═════ Records for the task ═════

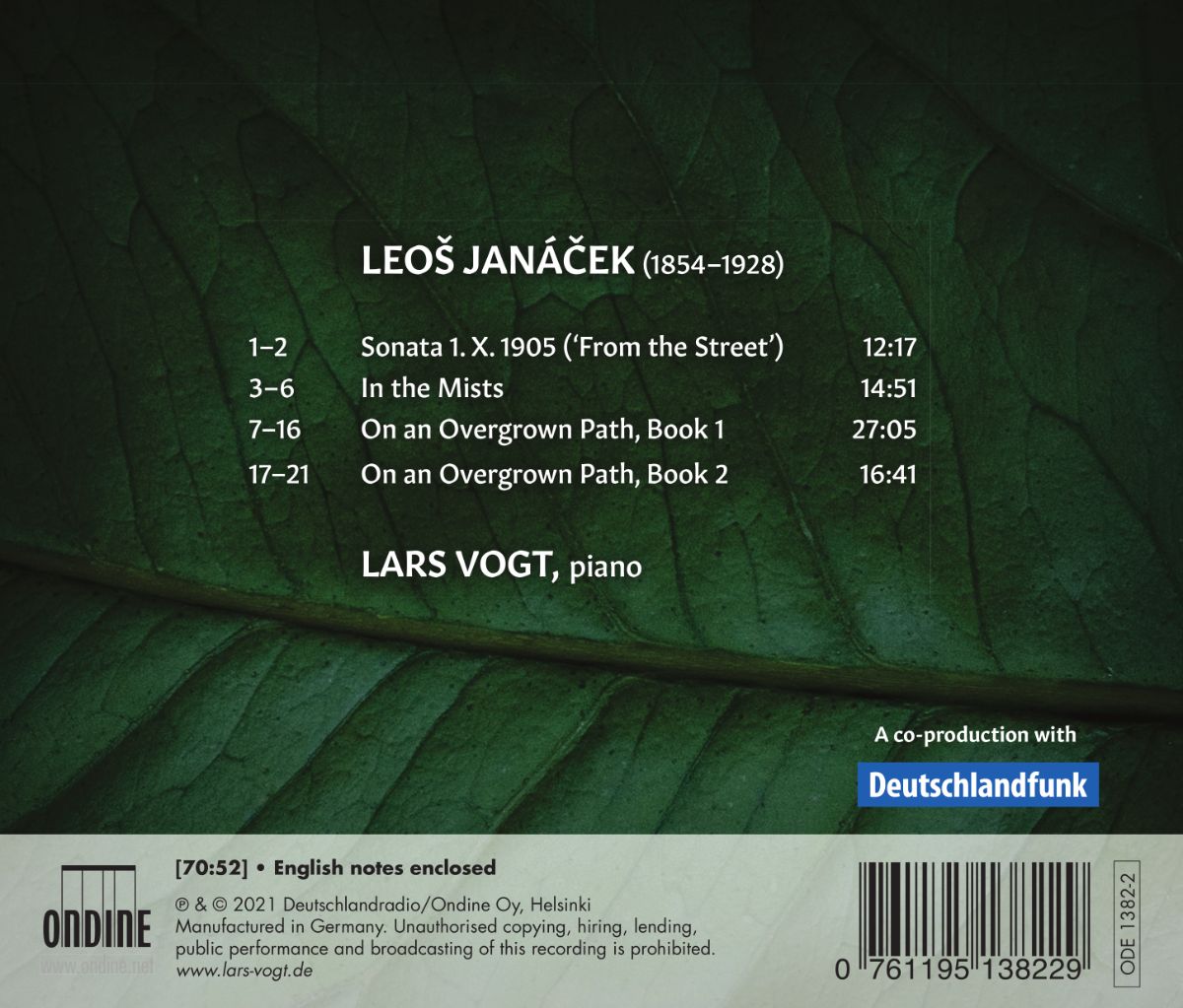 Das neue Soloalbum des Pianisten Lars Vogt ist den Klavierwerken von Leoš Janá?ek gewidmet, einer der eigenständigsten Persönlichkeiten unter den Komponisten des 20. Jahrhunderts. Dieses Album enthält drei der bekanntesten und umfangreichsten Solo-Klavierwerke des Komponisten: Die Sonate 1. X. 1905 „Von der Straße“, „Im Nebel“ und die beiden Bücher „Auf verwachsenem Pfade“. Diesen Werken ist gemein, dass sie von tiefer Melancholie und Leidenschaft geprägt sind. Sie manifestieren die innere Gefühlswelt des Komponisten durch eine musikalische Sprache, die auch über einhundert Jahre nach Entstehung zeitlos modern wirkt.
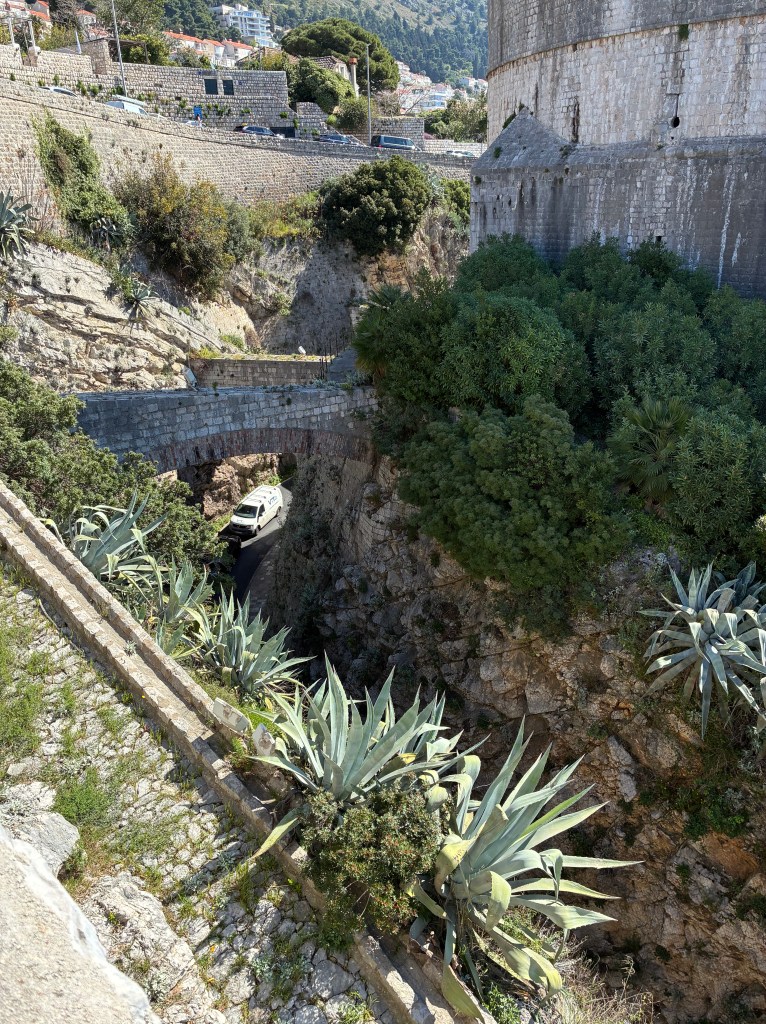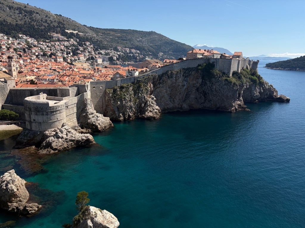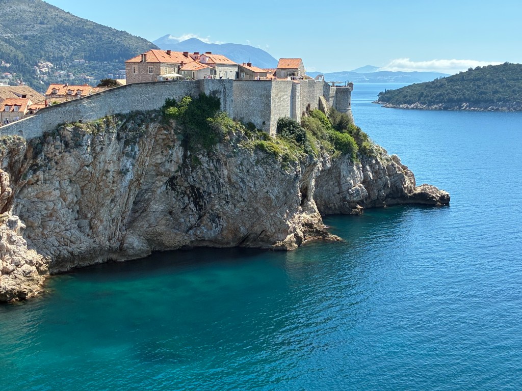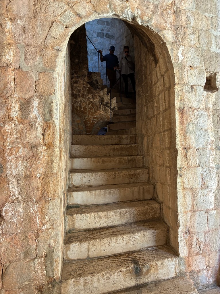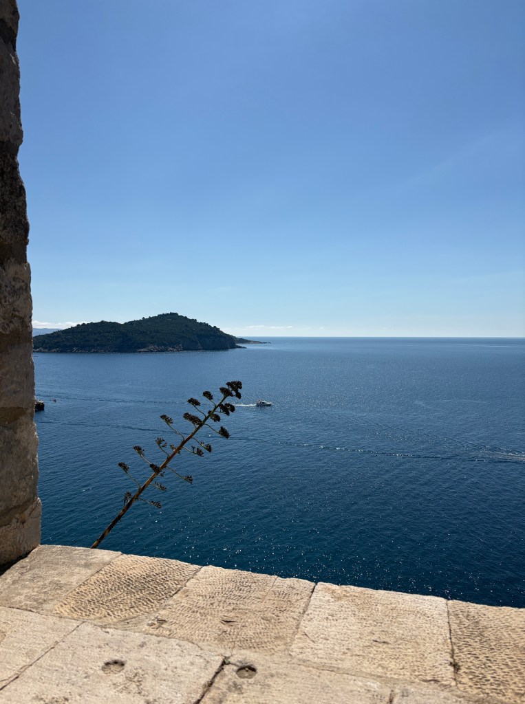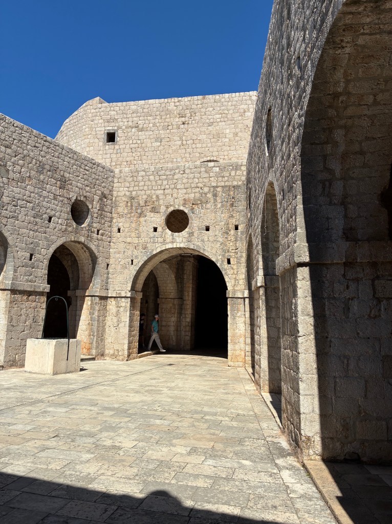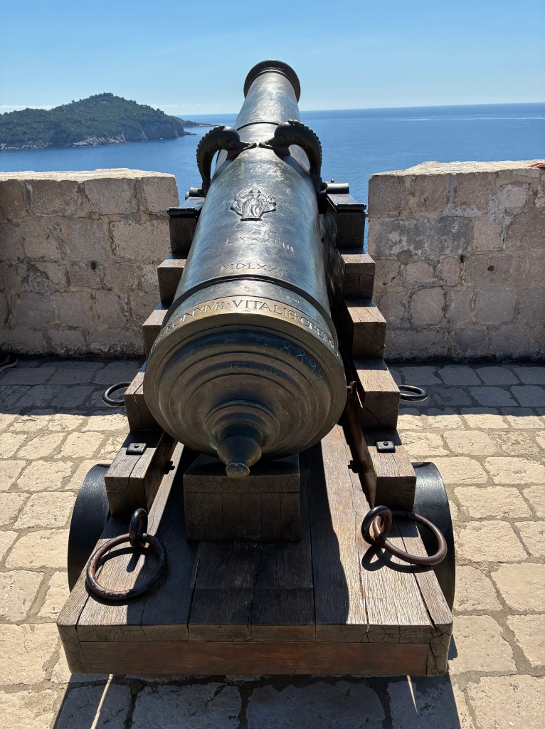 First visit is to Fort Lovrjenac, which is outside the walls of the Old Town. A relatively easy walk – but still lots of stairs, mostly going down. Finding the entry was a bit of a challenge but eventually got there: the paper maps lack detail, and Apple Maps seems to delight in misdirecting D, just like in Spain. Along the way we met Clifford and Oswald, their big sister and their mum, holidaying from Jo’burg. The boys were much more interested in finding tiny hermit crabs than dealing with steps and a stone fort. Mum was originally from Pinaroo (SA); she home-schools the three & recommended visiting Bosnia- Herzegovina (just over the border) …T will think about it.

═════
═════ Records for the task ═════

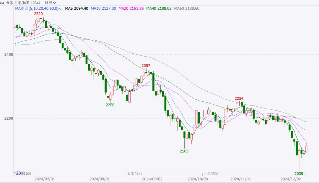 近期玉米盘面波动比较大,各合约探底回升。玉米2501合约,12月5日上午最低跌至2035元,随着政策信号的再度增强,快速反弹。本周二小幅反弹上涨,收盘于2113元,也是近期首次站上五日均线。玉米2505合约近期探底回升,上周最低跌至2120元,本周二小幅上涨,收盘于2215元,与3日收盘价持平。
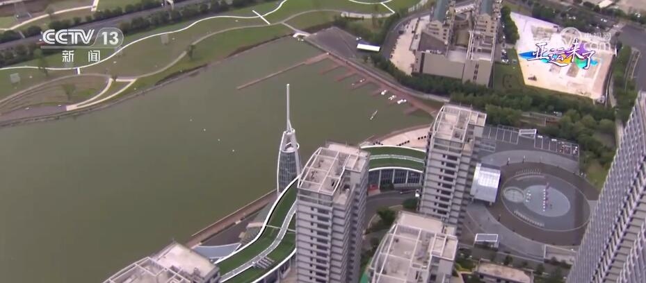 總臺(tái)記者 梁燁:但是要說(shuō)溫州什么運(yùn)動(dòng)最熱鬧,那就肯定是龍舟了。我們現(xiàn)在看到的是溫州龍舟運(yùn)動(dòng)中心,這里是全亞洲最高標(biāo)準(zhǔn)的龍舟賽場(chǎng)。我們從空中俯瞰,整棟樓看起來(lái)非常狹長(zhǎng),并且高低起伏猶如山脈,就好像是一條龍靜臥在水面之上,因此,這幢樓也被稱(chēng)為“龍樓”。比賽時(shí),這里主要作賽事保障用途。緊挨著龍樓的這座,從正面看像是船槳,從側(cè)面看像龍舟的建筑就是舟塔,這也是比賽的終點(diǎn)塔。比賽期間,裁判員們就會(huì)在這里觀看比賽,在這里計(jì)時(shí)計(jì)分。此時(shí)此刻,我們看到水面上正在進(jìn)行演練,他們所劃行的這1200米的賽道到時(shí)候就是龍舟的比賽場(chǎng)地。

═════

Your answer should be the exact lines above from the one containing "Das neue Soloalbum" through the one containing "First visit is", with both end lines kept and the pictures removed, please.

■ Answer for this exercise:
 Das neue Soloalbum des Pianisten Lars Vogt ist den Klavierwerken von Leoš Janá?ek gewidmet, einer der eigenständigsten Persönlichkeiten unter den Komponisten des 20. Jahrhunderts. Dieses Album enthält drei der bekanntesten und umfangreichsten Solo-Klavierwerke des Komponisten: Die Sonate 1. X. 1905 „Von der Straße“, „Im Nebel“ und die beiden Bücher „Auf verwachsenem Pfade“. Diesen Werken ist gemein, dass sie von tiefer Melancholie und Leidenschaft geprägt sind. Sie manifestieren die innere Gefühlswelt des Komponisten durch eine musikalische Sprache, die auch über einhundert Jahre nach Entstehung zeitlos modern wirkt.
 First visit is to Fort Lovrjenac, which is outside the walls of the Old Town. A relatively easy walk – but still lots of stairs, mostly going down. Finding the entry was a bit of a challenge but eventually got there: the paper maps lack detail, and Apple Maps seems to delight in misdirecting D, just like in Spain. Along the way we met Clifford and Oswald, their big sister and their mum, holidaying from Jo’burg. The boys were much more interested in finding tiny hermit crabs than dealing with steps and a stone fort. Mum was originally from Pinaroo (SA); she home-schools the three & recommended visiting Bosnia- Herzegovina (just over the border) …T will think about it.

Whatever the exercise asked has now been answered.